Processor support for the new mitigation mechanisms is enumerated using the CPUID instruction and several architectural MSRs. To find the mapping between a processor's CPUID and its Family/Model number, refer to the Intel® Software Developer's Manual, Vol 2A, table 3-8 and the INPUT EAX = 01H: Returns Model, Family, Stepping Information section.
The CPUID instruction enumerates support for the mitigation mechanisms using five feature flags in CPUID.(EAX=7H,ECX=0):EDX:
The mitigation mechanisms may be introduced to a processor by loading a microcode update. In such cases, software should reevaluate the enumeration after loading that microcode update.
| Initial EAX Value | Information Provided About the Processor | Notes |
|---|---|---|
| 07H | EDX | Leaf 07H main leaf (ECX = 0). If ECX contains an invalid subleaf index, EAX/EBX/ECX/EDX return 0. Bit 10: MD_CLEAR supported.
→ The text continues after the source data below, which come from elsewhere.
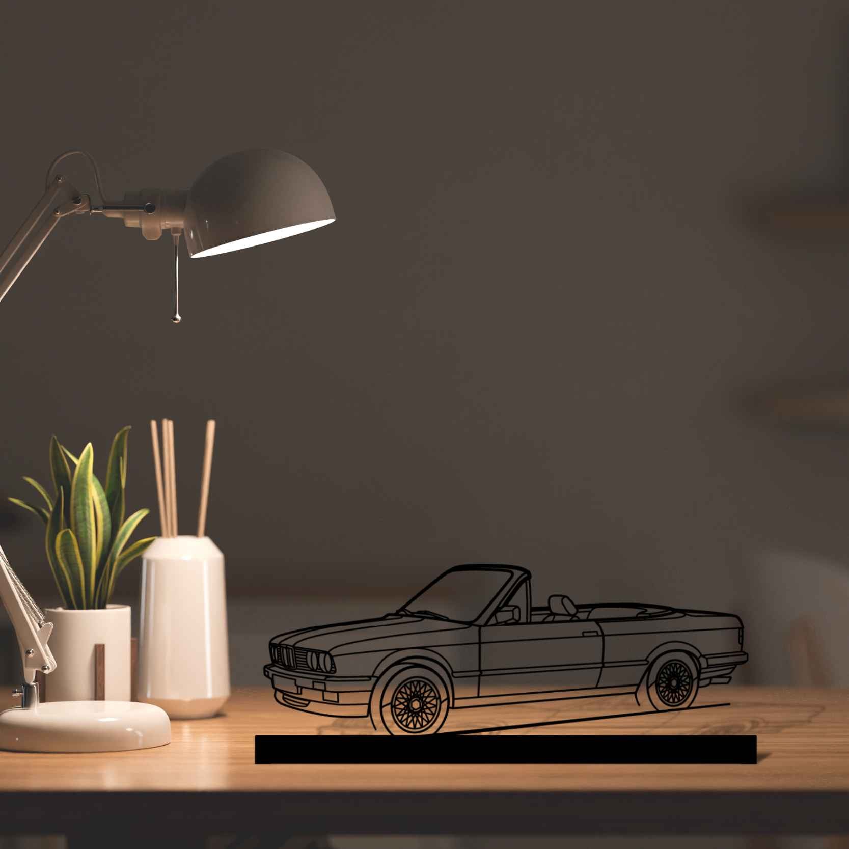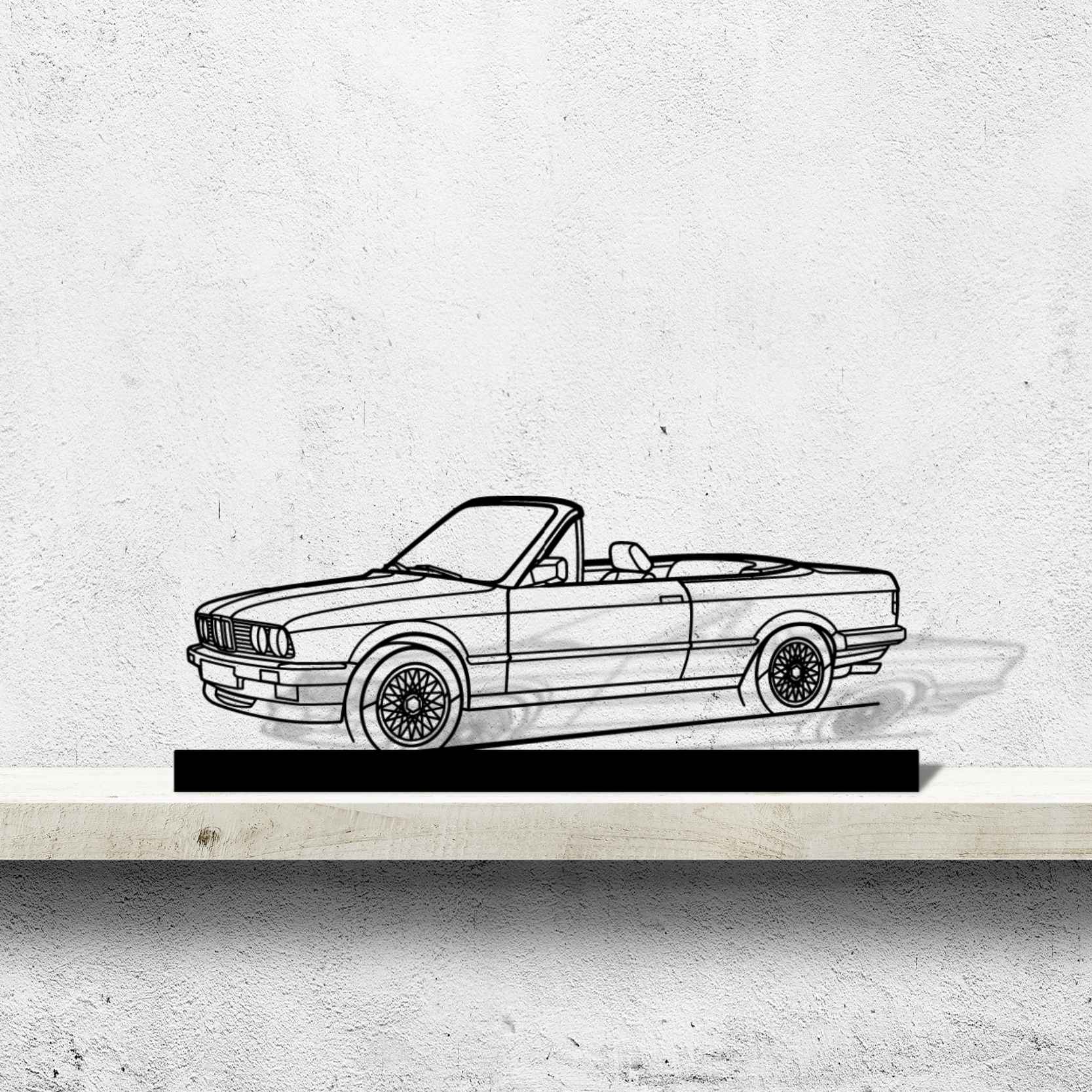 Diese E30 Convertible Winkel-Silhouette-Kunstständer aus Metall verleiht Ihrem Schreibtisch, Wohnzimmer oder Ihrer Garagenablage einen einzigartigen Look, der die Aufmerksamkeit aller Rennsport- und Autoliebhaber auf sich zieht und Ihrem Wohndesign eine subtile Note verleiht.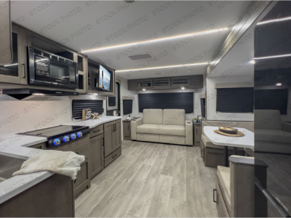 the amount of interior space you have in the living area thanks to the U-shaped dinette slide, which can be switched out for optional theater seats. The rear 70" sleeper sofa will be perfect for guests to sleep on, and the 32" TV lets you enjoy movie nights. There is a three burner range and convection microwave/combo air fryer to cook meals inside, or you can cook on the exterior griddle with a 1.7 cu. ft. refrigerator. And the 17' power awning will provide much wanted shade as you visit with friends. Back inside, the walk-thru bath is both spacious and convenient since it can be accessed from the main living area and the front master bedroom. Here, you'll find a queen bed, storage space, plus TV prep if you want to add a television. You even have your own exterior entry door for convenience!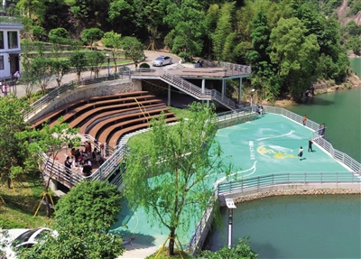 契合全民健身热潮,“塘河寻源”未来乡村充分利用山地、水库等资源,以特色专业体育项目带动乡村新流量,拓宽产业发展思路,带动乡村旅游新动能。毗邻大川村的瞿源村,这几年就因体育项目打响了知名度。村里的体育地标——铁人三项基地,已建成8000平方米水上休闲基地,以及相应配套的游泳竞赛区、自行车赛道区、长跑赛道区,是温州铁三协会打造的永久性项目基地,可提供常态化培训。通过“旅游+运动”引流,瞿源村成为户外运动爱好者的“打卡地”,每日随处可见跑步、健走的群众。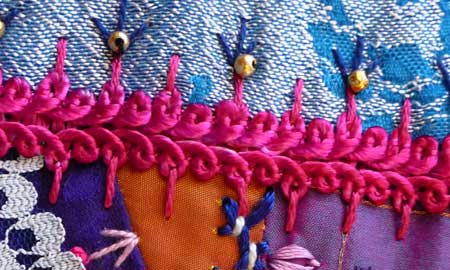 This regularly published series aims to illustrate and document the hand embroidered seams, embellishments and decorations on my crazy quilt I dropped the button box. All articles are categorised in the projects under Crazy Quilt details which enables readers to browse back through the series.
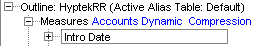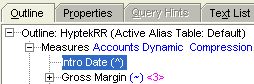 Click OK. Since date measures should not be aggregated, Intro Date is assigned the non-aggregation operator (^) by default.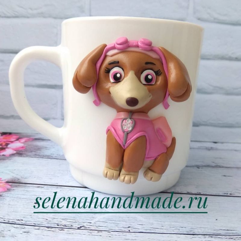 Чашка ручной работы с декором из полимерной глины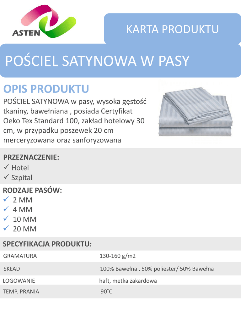KARTA PRODUKTU ASTEN POŚCIEL SATYNOWA W PASY OPIS PRODUKTU POŚCIEL SATYNOWA w pasy, wysoka gęstość tka i y, baweł ia a , posiada Certyfikat Oeko Tex Standard 100, zakład hotelowy 3 cm, w przypadku poszewek 20 cm merceryzowana oraz sanforyzowana PRZEZNACZENIE: Hotel Szpital RODZAJE PASÓW: 2 MM 4 MM 10 MM 20 MM SPECYFIKACJA PRODUKTU: GRAMATURA SKŁAD 130-160 g/m2 % Baweł a , 5 % poliester/ 5 % Baweł a LOGOWANIE haft, TEMP. PRANIA 9 ˚C etka żakardowa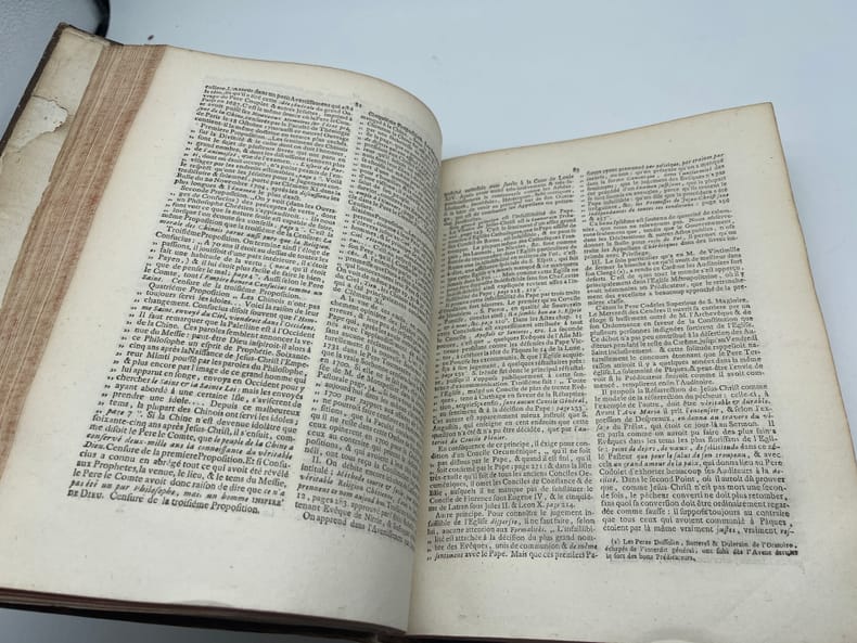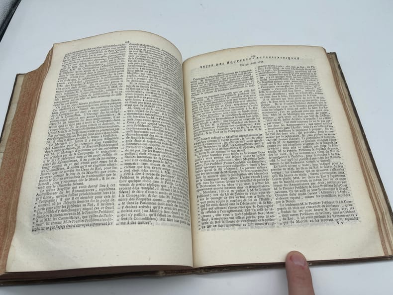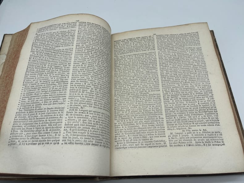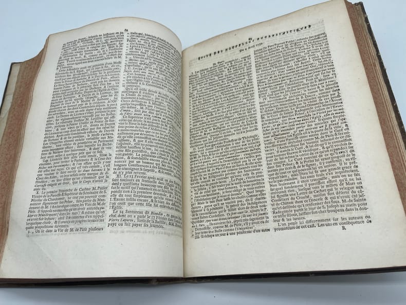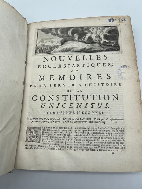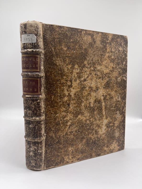 [Jansénisme] Nouvelles ecclésiastiques ou mémoires pour servir à l'histoire de la Constitution Unigenitus pour l'année M.DCC.XXXI. [et] M.DCC.XXXII. Paris, s.n., 1731-1732. In-4, 280-252-XIIp. Deux années complètes de cet important journal publié clandestinement à partir de 1728 et jusqu'en 1803, farouchement militant pour les jansénistes et contre les partisans de la Bulle Unigenitus. Ex-libris « Caroli Du Ruisseau in supremo senatu Patroni », Charles du Ruisseau, avocat au parlement de Paris en 1735 (base AFCEL D1915). Plein papier d'époque, dos à nerfs, pièces de titre, tranches rouges. Papier parfois un peu usé, reliure parfaitement solide. Etiquette sur le dos, cachet sur la première page, répété p.100 (petit séminaire de Caen). Quelques rares feuillets avec petit manque de papier marginal.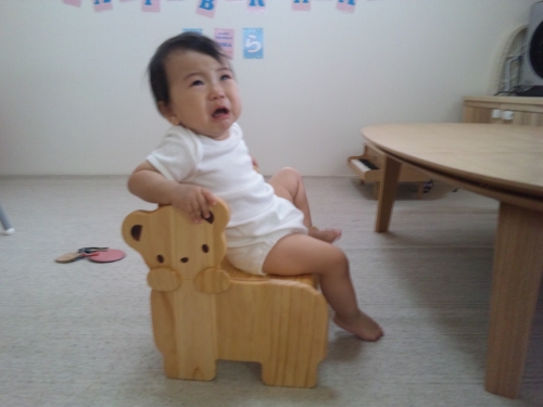 はじめての自分専用の椅子が大のお気に入り椅子から降りさせようとするものなら、この有り様!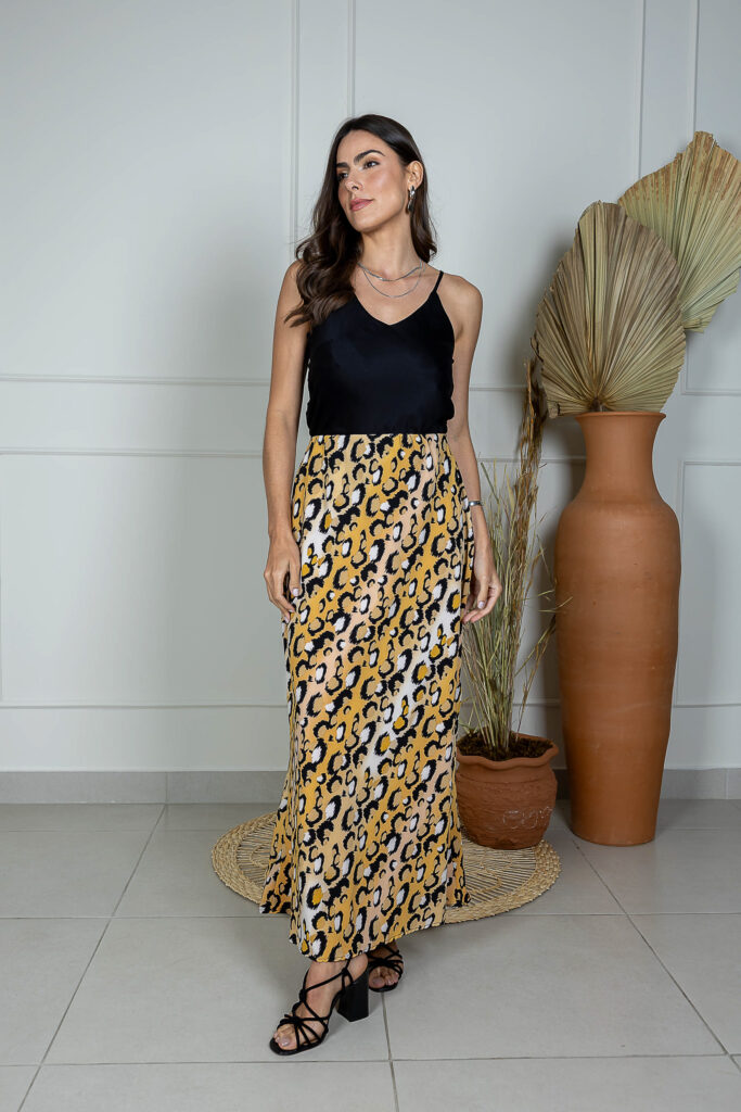 Saia Crepe Estampado Midi Fenda Lateral Elástico Costas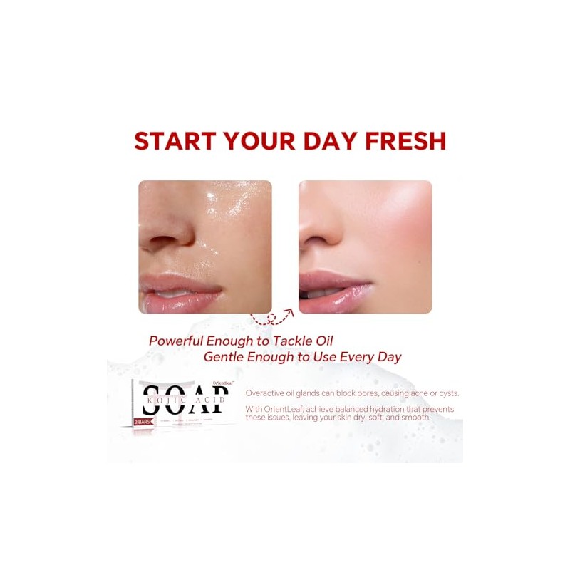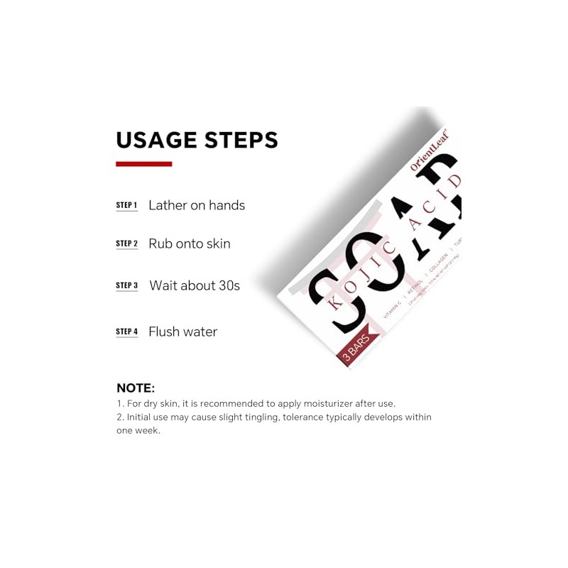- OrientLeaf Kojic Acid Soap: Effectively brightens skin and helps you avoid skin troubles. Gentle for face and body

Bits 25-00: Reserved Bit 26: IBRS and IBPB supported Bit 27: STIBP supported Bit 28: L1D_FLUSH supported Bit 29: IA32_ARCH_CAPABILITIES supported Bit 30: Reserved Bit 31: SSBD supported |
NOTE: The table above is not intended to provide full details of this leaf; see the Intel® 64 and IA-32 Architectures Software Developer’s Manual, Volume 2A (CPUID instruction), for full details on CPUID leaf 07H.
Additional features are enumerated by the IA32_ARCH_CAPABILITIES MSR (MSR index 10AH). This is a read-only MSR that is supported if CPUID.(EAX=7H,ECX=0):EDX[29] is enumerated as 1.
| Register Address Hex | Register Address DEC | Register Name / Bit Fields | Bit Description | Comment |
|---|---|---|---|---|
| 10AH | 266 | IA32_ARCH_CAPABILITIES | Enumeration of Architectural Features (RO) | If CPUID.(EAX-07H, ECX=0):EDX[29]=1 |
| 10AH | 266 | 0 | RDCL_NO: The processor is not susceptible to Rogue Data Cache Load (RDCL). | |
| 10AH | 266 | 1 | IBRS_ALL: the processor supports enhanced Indirect Branch Restriction Speculation (IBRS) | |
| 10AH | 266 | 2 | RSBA: The processor supports RSB Alternate. Alternative branch predictors may be used by RET instructions when the RSB is empty. Software using retpoline may be affected by this behavior. | |
| 10AH | 266 | 3 | SKIP_L1DFL_VMENTRY: A value of 1 indicates the hypervisor need not flush the L1D on VM entry. | |
| 10AH | 266 | 4 | SSB_NO Processor is not susceptible to Speculative Store Bypass (SSB). | |
| 10AH | 266 | 5 | MDS_NO: Processor is not susceptible to Microarchitectural Data Sampling (MDS). | |
| 10AH | 266 | 8 | TAA_NO: Processor is not susceptible to Intel TSX Asynchronous Abort (TAA). | |
| 10AH | 266 | 63:6 | Reserved |
The IA32_SPEC_CTRL MSR bits are defined as logical processor scope. On some core implementations, the bits may impact sibling logical processors on the same core.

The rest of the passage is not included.